Customer Analytics and Training and Validation Periods

By Jeff Sauro

A sophisticated and often essential approach to time series analysis involves partitioning your customer data into training and validation periods. In the training period, you build a regression equation on the earliest section of data (approximately two-thirds to three-fourths of your data).

You then apply the regression equation to the later part of your data in the validation period to see how well the earlier data actually predicts the later data.

With the subscriber data, you could use the first 20 months (January 2012 through August 2013) as the training period and September 2013 to February 2014 as the validation period. This approach is testing the equation using data you already have, which is as close as you can get to testing how well a prediction might perform when new data comes in.

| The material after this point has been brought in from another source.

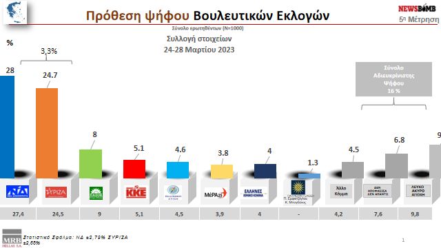 Για το διάστημα 24 έως 28 Μαρτίου του 2023 και σε ότι αφορά την αναγωγή επί των εγκύρων ψηφοδελτίων φαίνεται η Νέα Δημοκρατία να αγγίζει το 30,8% και ο ΣΥΡΙΖΑ να βρίσκεται στο 27,2%. Η διαφορά δηλαδή διαμορφώνεται στο 3,6%. Στα ίδια ποσοστά εμφανίζονται τα δύο μεγάλα κόμματα και στην προηγούμενη μέτρηση που έγινε 6 με 13 Μαρτίου με τη διαφορά μεταξύ τους επί των εγκύρων να βρίσκεται στο 3,2%. Υπάρχει όμως επί της ουσίας μία μικρή αύξηση της ψαλίδας υπέρ της Νέας Δημοκρατίας και είναι της τάξης του 0,4%. Σε ότι δε αφορά τις αναγωγές επί του συνόλου εις τις οποίες συμπεριλαμβάνονται και η αδιευκρίνιστη ψήφος, η ψαλίδα για τις τελευταίες μέρες του Μαρτίου φαίνεται να διαμορφώνεται στο 3,9%. Η Νέα Δημοκρατία φτάνει στο 33,3% και ο ΣΥΡΙΖΑ στο 29,4%. Στο προηγούμενο διάστημα της μέτρησης που έγινε 6 με 13 Μαρτίου και στην αναγωγή επί του συνόλου η ψαλίδα ήταν ακόμη πιο κάτω στο 3,5% μεταξύ Νέας Δημοκρατίας και ΣΥΡΙΖΑ.
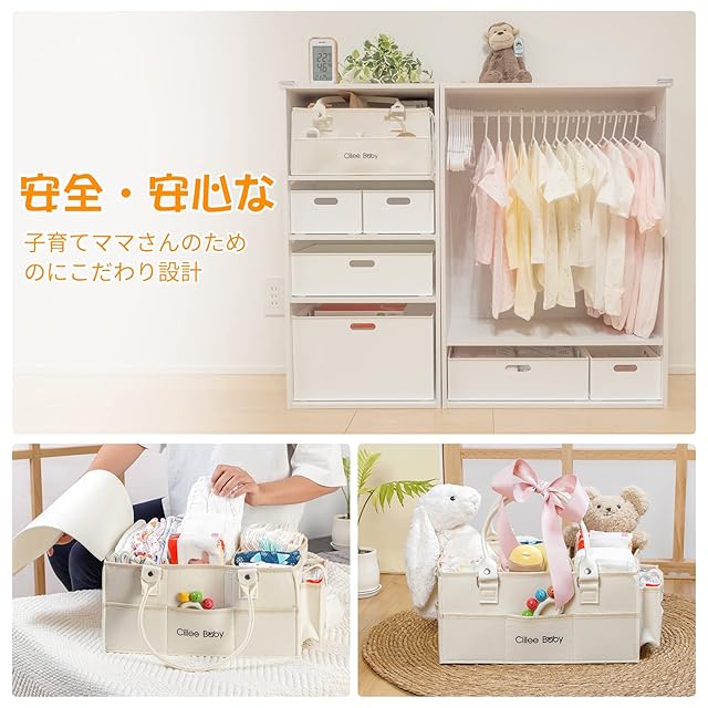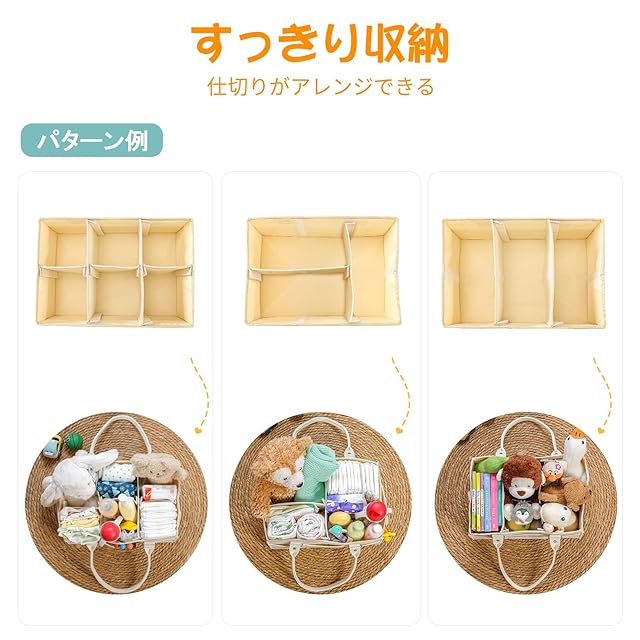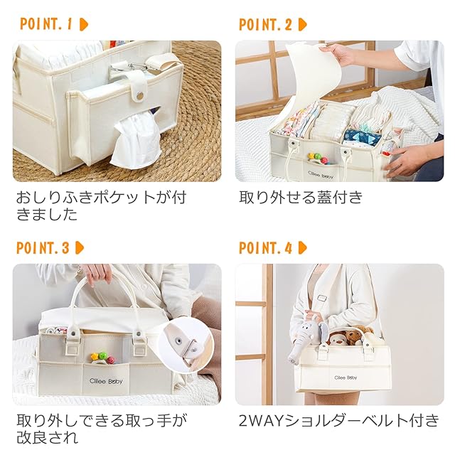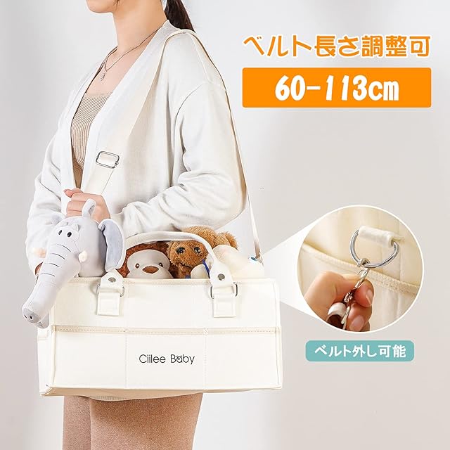 【蓋&ショルダーベルト付きのバージョン】外からみてもきれいに見えます。マジックテープが強化されており、接着力が強くなっています。 使用しないときは、折りたたんで保管することができるためスペースを節約できます、ポリエステル繊維は汚れに強く、お手入れが簡単な収納袋の内側に追加しました。 底板は強くて厚いので、形崩れをおこしません。 収納バッグの取っ手は、ベビーベッドや洗面所に簡単にぶら下げるための長くしています。

The regression equation for the first 20 months is:

Subscribers = 2033.9e0.0269x

The r² = 0.9979, which shows a good fit for the exponential line. You can then use this regression equation to see how well it predicts the final six months of the dataset. The last six months are 21 through 26. The figure shows the predicted and actual values for August 2013 through February 2014, labeled the Validation (in the Period column).

image0.jpg

To assess how well this prediction actually is, two additional columns were created. The first is the raw error from the actual number to the prediction. For example, in September 2013, the prediction was short by 5 subscribers. In February 2014, it was short by 28. This sort of raw error can itself be understandable, if you’re familiar with the customer data you’re working with.

When communicating how much error your predicted values have, it’s often easier to speak in terms of percentage error.

The Mean Absolute Percentage Error (MAPE) can be a bit more understandable to stakeholders. It’s computed by finding the absolute value of the difference between the actual and predicted values, then dividing that difference by the actual value to compute the absolute percentage error. This is then averaged for each value.

image1.jpg

The APE column shows the absolute percentage error. For example, for January 2013, the regression equation predicted 2,885 subscribers; the actual number of subscribers was 2,844, meaning the equation overpredicted by 41 subscribers.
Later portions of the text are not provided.